寛解を達成するには、できるだけ早く発見し、治療を始めることが大切です。 関節リウマチの症状を知っておき、当てはまるものがあれば、関節リウマチに詳しい専門医を受診するようにしてください。 早期の症状としては、朝の関節のこわばりが代表的です。 夜、寝ている間に関節液が溜まって関節がむくみ、動かしにくくなり、起きてからしばらく活動していると、ふだん通りに動くようになります。 関節液が溜まると、関節を触った時に軟らかくブヨブヨします。 また関節の腫れ、関節が熱っぽいというのも炎症が疑われる症状です。 関節リウマチでは、手指や手首、足指など、比較的小さい関節が最初に痛みだすことが多いようです。 病気が進行するにつれて、肩や首、股関節、膝、肘、足首など、全身の関節に痛みが現れてきます。

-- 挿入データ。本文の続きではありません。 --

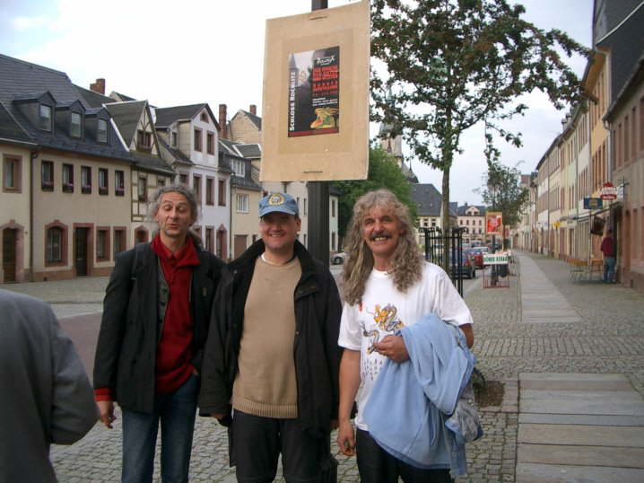 Manfred Schaller, Christophe Didillon und B.J. Antony begutachten die Ankündigungsplakate in der Stadt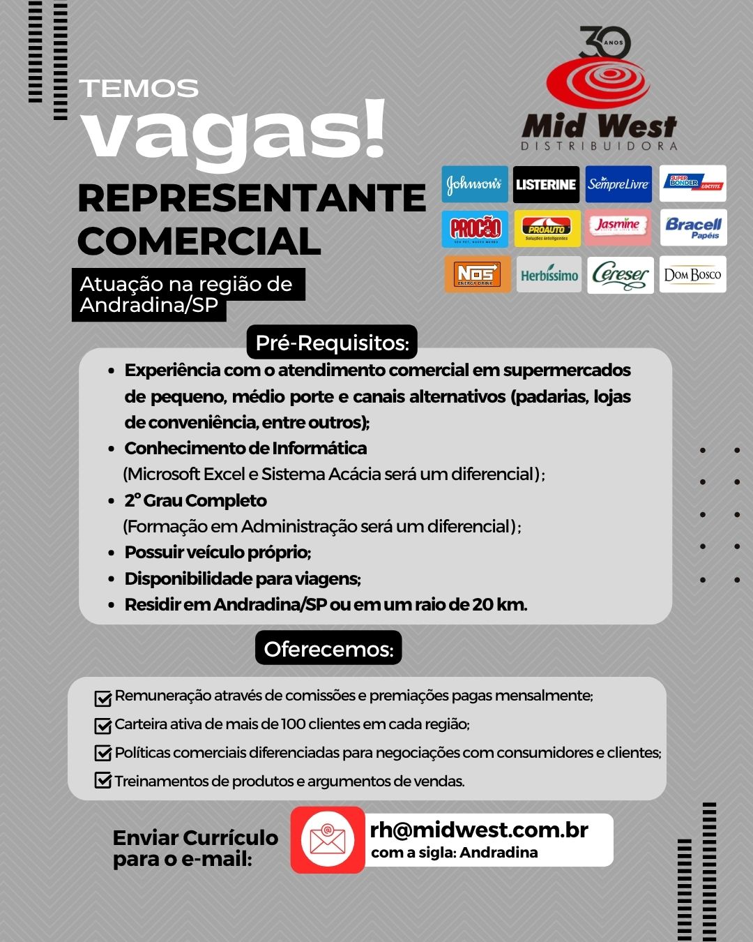 Representante Comercial – AndradinaAndradinaPublicado 2 semanas atrás Site Mid West Distribuidora Currículo: Máx 1Mb em pdf Para se candidatar a esta vaga envie seus detalhes por e-mail para rh@midwest.com.br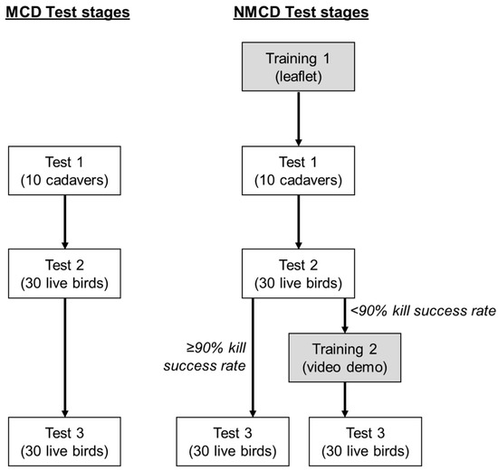 In order to assess the training requirements for NMCD and the kill efficacy of each killing method as applied by each stockworker, the 70 birds per killing method were sub-divided into three test stages in order to minimize the risk to bird welfare: Test 1—applied to 10 cadavers; Test 2—applied to 30 live conscious birds; and Test 3—applied to 30 live conscious birds (Figure 1). In Test 1, birds were euthanised immediately prior to testing in the predetermined test order with an intravenous overdose of sodium pentobarbital (Euthatal, Merial Animal Health Ltd., Essex, UK; 1 mL per kg). There was no maximum time for completion of each test, but the time for completion of each was recorded. The killing rate of birds within each test was not controlled in an attempt to reduce any stress on the stockworkers and to allow them to perform the killing methods at comfortable rates. Between tests, the stockworkers took standardized 5 min breaks. No training relating to MCD was provided prior to testing and the three tests were performed consecutively for both killing methods. As NMCD was a novel method, and one aim was to gauge the training required to apply it successfully, two training stages were included. Before Test 1, compulsory training was provided (Figure 1, Training 1), and further training was provided depending on performance in Test 2 (Training 2). Training 1 involved providing the stockworker with a leaflet which simulated the instruction manual which would accompany the device if purchased. Each stockworker was given time to read the leaflet and try on the various sizes of the gloved device (small/medium/large) in order to select the appropriate size. The stockworker was then given 10 cadavers to perform the NMCD method on. This allowed the stockworker to become accustomed (e.g., by adjusting hand grip) to the device without compromising bird welfare, although there was a lack of muscle tone compared to live birds. Kill efficacy (sufficient trauma to cadaver e.g., cervical dislocation) was recorded for each bird and at the end of Test 1 the stockworker was asked if he was comfortable to continue to the next test (on live birds). If yes, then following the 5 min break the stockworker continued on to Test 2. If no, the tests for NMCD were halted for that stockworker and no further birds were killed by that method. In Test 2, each stockworker was given 30 live and conscious birds to kill. If the overall kill efficacy (see below) was less than 90%, training stage 2 was provided before progressing to Test 3. At the end of Test 2 the stockworker was asked if he was comfortable to continue to Test 3. If yes, then following a 5 min break the stockworker continued. If no, the tests for NMCD were halted for that stockworker and no further birds were killed by that method. For each method, all three tests were performed consecutively within one session (morning (AM) or afternoon (PM)).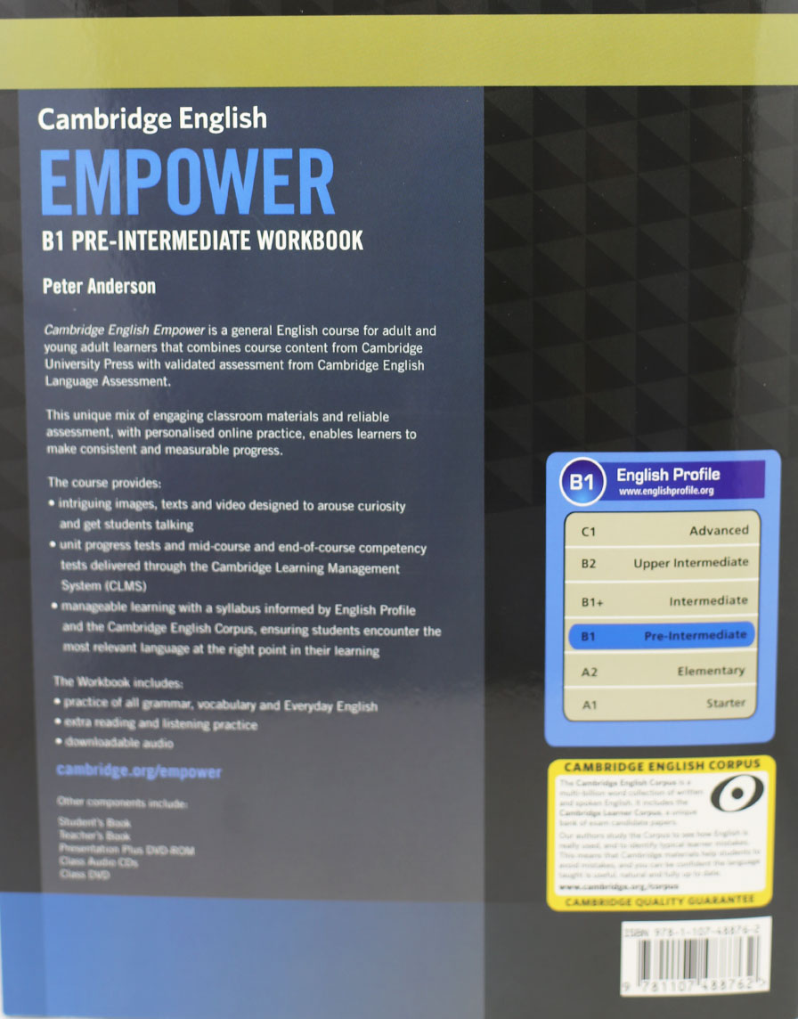 Cambridge English Empower is a general adult course that combines course content from Cambridge University Press with validated assessment from the experts at Cambridge English Language Assessment. The Pre-intermediate Workbook with downloadable audio (no answers) can be used alongside the Student's Book and offers additional consolidation activities.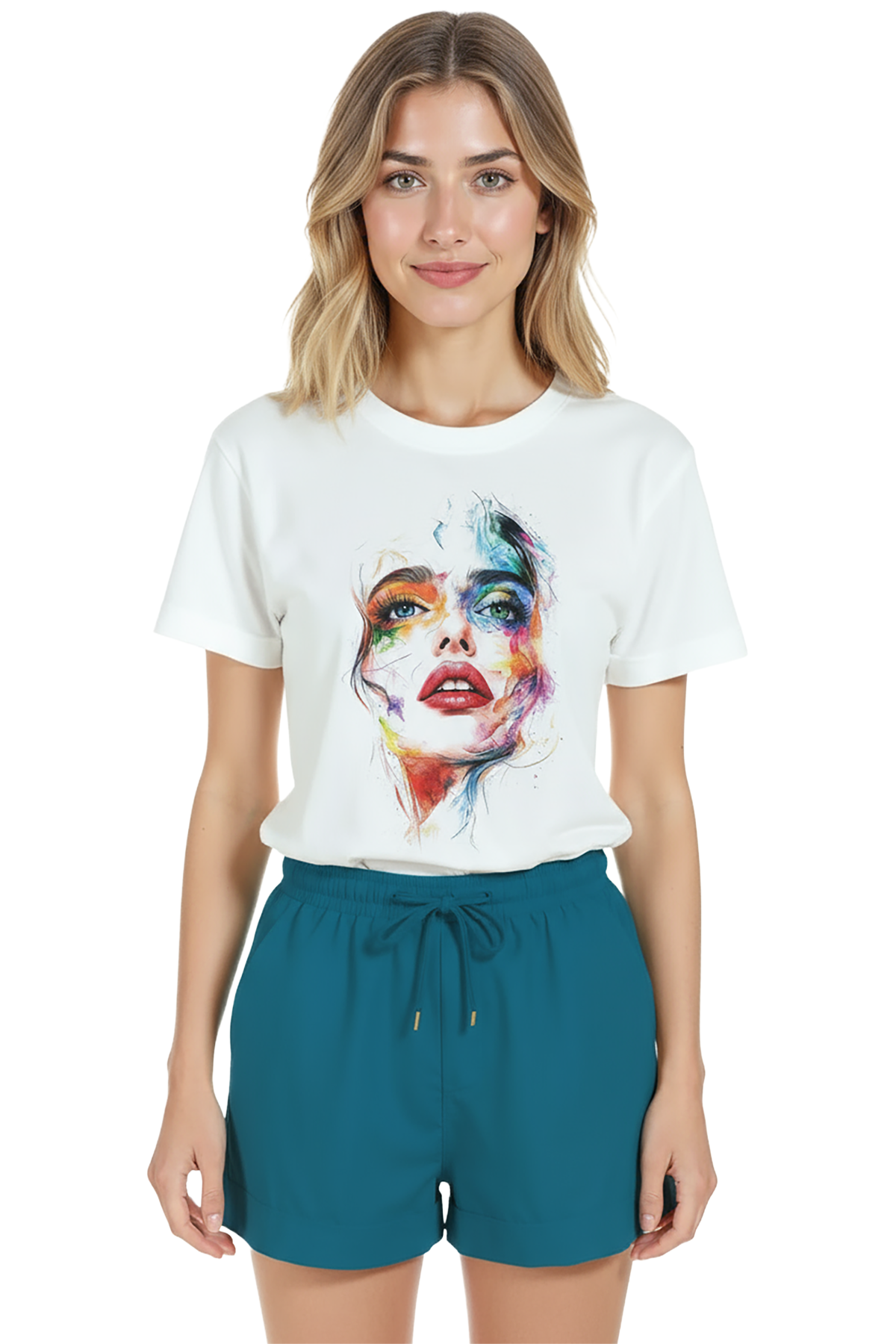 Kadın Beyaz Relaxed Fit %100 Pamuk Tişört – Renkli Suluboya Yüz Baskılı

関節リウマチの発症は、30~50歳代で最も多く、女性に圧倒的に多いのが特徴です。 特に、妊娠や更年期をきっかけに発症することが多いので、女性ホルモンが関わっていると考えられています。 また、家族や親戚に関節リウマチや膠原病(自己免疫疾患の一種)のある人がいる場合、関節リウマチを発症しやすいことがわかっています。 さらに、喫煙歯周病なども、関節リウマチの発症の危険性を高めることがわかっています。 自分でコントロールできるものは改善していきましょう。

●関節リウマチの自己チェック

朝起きると、関節が強張っている
30分~1時間で普段通りに動くようになる
左右両方の関節が動かしにくい
痛む関節が腫れている
触ると関節が熱っぽい
軟らかくブヨブヨしている

複数当てはまったら医療機関を受診する。この中でも、特に「朝、関節が強張る」「関節が腫れる」「関節が熱っぽい」というのが、 早期に多く見られる症状。ブヨブヨした感触にも注意。